そして、分量全ての粉を入れ終えると、出来上がったのはカスタードクリームのような色をした柔らかい生地だ。
ロランドとルナは、同じようにして二つ目、三つ目と作業を進めていく。
二つ目以降のボウルには、一つ目に入れた基本となる粉に風味づけの材料を合わせたものがそれぞれふるい入れられた。
二つ目の生地は濃い茶色に仕上げられ、三つ目は一つ目と二つ目の中間ぐらいの色合いの生地となった。
「じゃあ、いったんこっちは休ませておいて、次のヤツに取り掛かるっす!」
「はーいっ! じゃあ、新しいボウルを用意しますねっ」
先ほどの生地が入ったボウルはテーブルの隅へといったん片付けられ、その上にぎゅっと硬く絞った白い布がかぶせられた。
このまましばらく休ませることで生地をなじませるのが目的だ。
ロランドは、ルナが用意してくれた新しく用意されたボウルを受け取ると、そこへ卵を割り入れる。
そこへ、砂糖も加えてから、いつもの営業で使っている泡立て用の器械で空気を含ませるようにしながら勢いよくかき混ぜはじめた。
ボウルが滑らないよう、しっかりと支えるルナ。
そっと視線を上に送ると、真剣な表情で作業をするロランドの姿が眼に映った。
ルナが一番かっこいいと感じる表情を見せるロランドを、ほんの少しの間だけ見つめる。
そして、再び視線を手元に戻し、しっかりと作業の様子を目に焼き付けた。
しっかりと撹拌され滑らかなクリーム状になったところで、ロランドは二つのボウルに卵液を分ける。

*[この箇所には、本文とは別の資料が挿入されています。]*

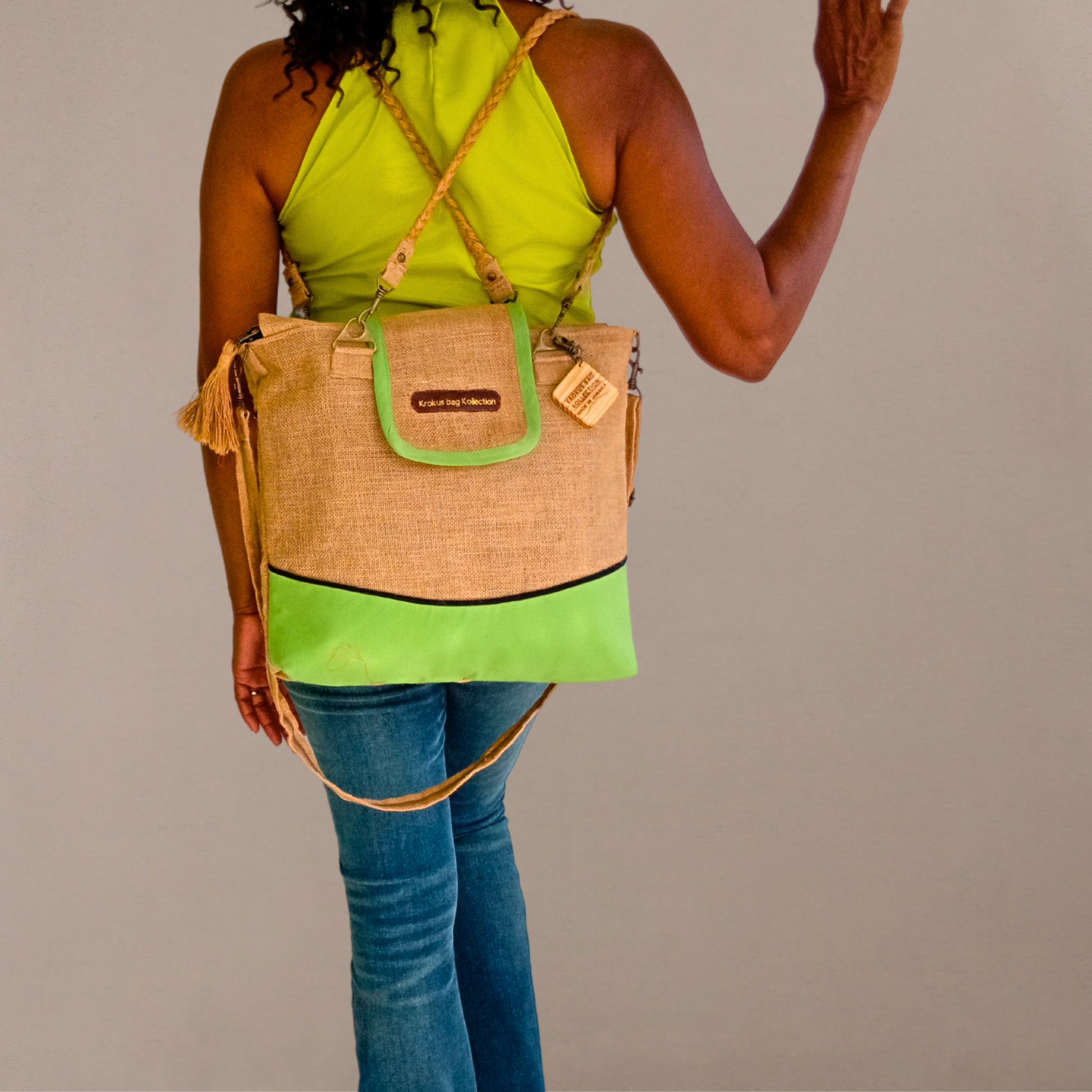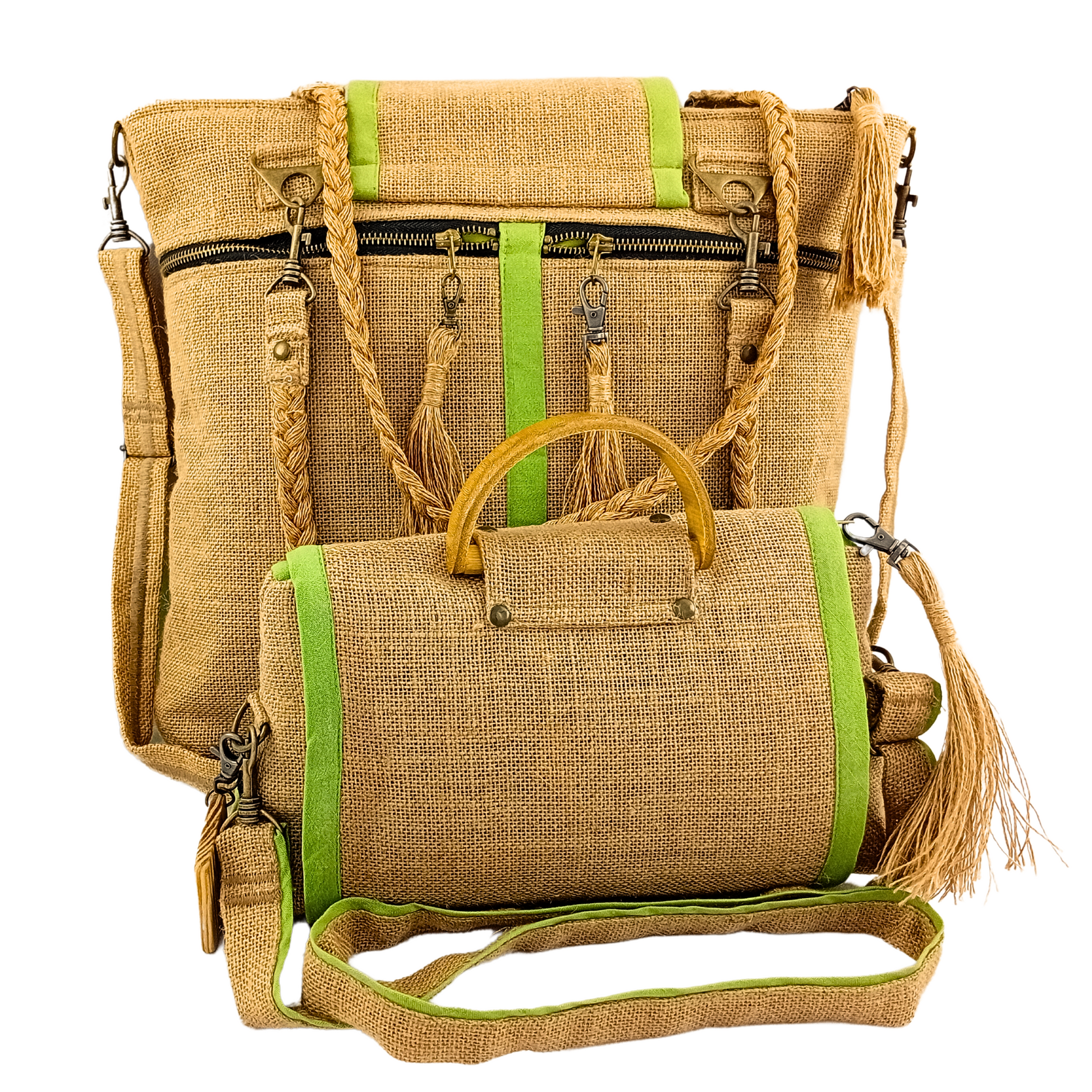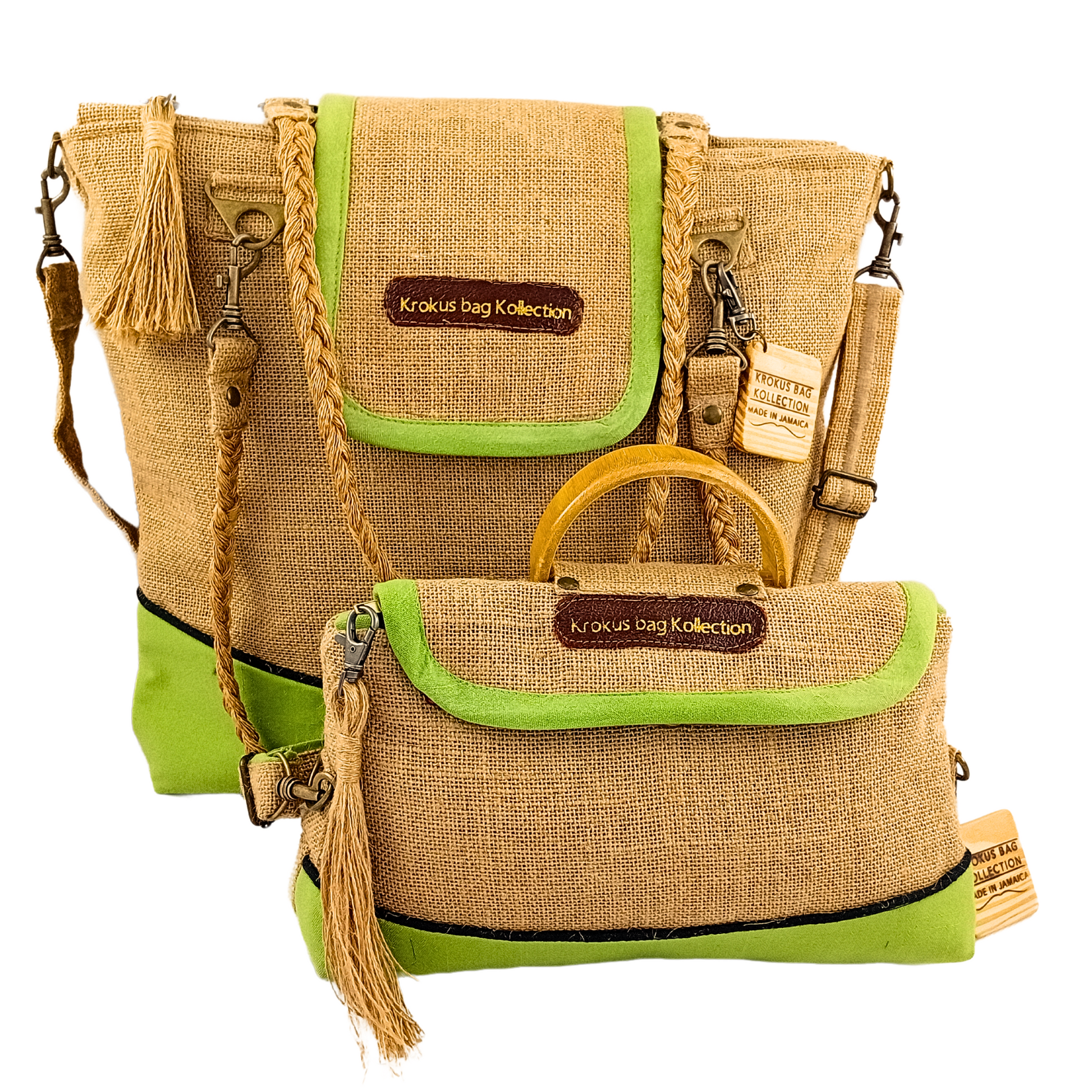 Introducing our Tote Set, Lime Green – featuring plait handles on the tote and bamboo handles on the crossbody bags. This set effortlessly combines style with sustainability. With spacious interiors and eco-friendly materials, these totes are not just accessories, but statements in conscious fashion. Elevate your carry game with this Tote Set – where fashion meets eco-consciousness.

そして片方には生クリームを、もう片方には甘煮にして細かく刻んだナランハの皮を入れ、木べらでさっと混ぜ合わせた。
「じゃあ、粉入れてくださいっす!」
「わかりましたっ!」
ロランドの声を合図に、ルナが二つのボウルへ粉を振るい入れていく。
先ほどと同じアロース粉とマイス粉を合わせたものに、ピカルボナートを加えたもの。
何度か試作した結果、こちらについてはパンケーキを作る時のようなとろみのある滑らかな生地に仕上げるのがポイントだということが分かった。

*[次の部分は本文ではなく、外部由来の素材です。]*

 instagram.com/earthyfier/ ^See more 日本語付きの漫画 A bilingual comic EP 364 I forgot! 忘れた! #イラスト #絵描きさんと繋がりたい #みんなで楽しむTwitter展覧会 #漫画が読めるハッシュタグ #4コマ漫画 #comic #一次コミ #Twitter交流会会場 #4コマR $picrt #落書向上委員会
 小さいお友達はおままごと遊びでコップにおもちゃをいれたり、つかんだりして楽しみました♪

泡立てた卵の気泡をつぶさないように注意しながら、ロランドとルナが並んで生地を混ぜ合わせていく。
やがて、どちらも黄色みがかった優しい色合いの滑らかな生地が完成した。
「さて、ここからですよね……」
「うん、頑張るっすよ!」
ルナから発せられた気を引き締める言葉に、一層気合いを入れるロランド。
ここまでは普段のお菓子作りとさほど変わらない手順で進められた“お土産品”作り。
しかし、ここからは違う。
最も重要で、最も困難である“お土産品としての魂”を込める作業が待っているのだ。
ロランドは、先に休ませておいた生地を手元に引き寄せると、アロース粉を薄くふりかけた大きなまな板の上に生地を置く。
そして、その生地を同じくアロース粉をまぶした麺棒でゴロゴロと引き伸ばすと、包丁を取り出していろいろな形に切りだしていった。
淡黄色の生地は三角屋根がついた建物の形に、濃い茶色の生地はいくつかの四角を組み合わせた形に、そして、中間色の茶色のものは鳥を模した形へと切り出していった。
ロランドが切りだした生地は、ルナの手によって予めバターを塗っておいた天板の上へと運ばれる。
形が壊れてしまわないよう細心の注意を払って作業を続けるルナ。
そして、天板の上に全ての生地を並べ終えると、ロランドは最後の仕上げとしてそれぞれの生地にちょんちょんと切り込みを入れていく。
「こっちはこれでいいっすね。じゃあ、先に片付けしてるからもう一つの方もよろしくっす!」
「はーいっ!」
まな板やボウルの片づけを始めたロランドと入れ替ったルナは、キッチンテーブルのセンターポジションに金属で出来た一枚の板を取り出した。
タクミを通じてグスタフに頼んだブレッド・ガレータ専用の金型だ。
用意した型は2種類。一つは丸い枠の中に竜の横顔を模した模様が描かれたもの、もう一つはギザギザの波形を作りながら貝殻のような形に窪ませたものだ。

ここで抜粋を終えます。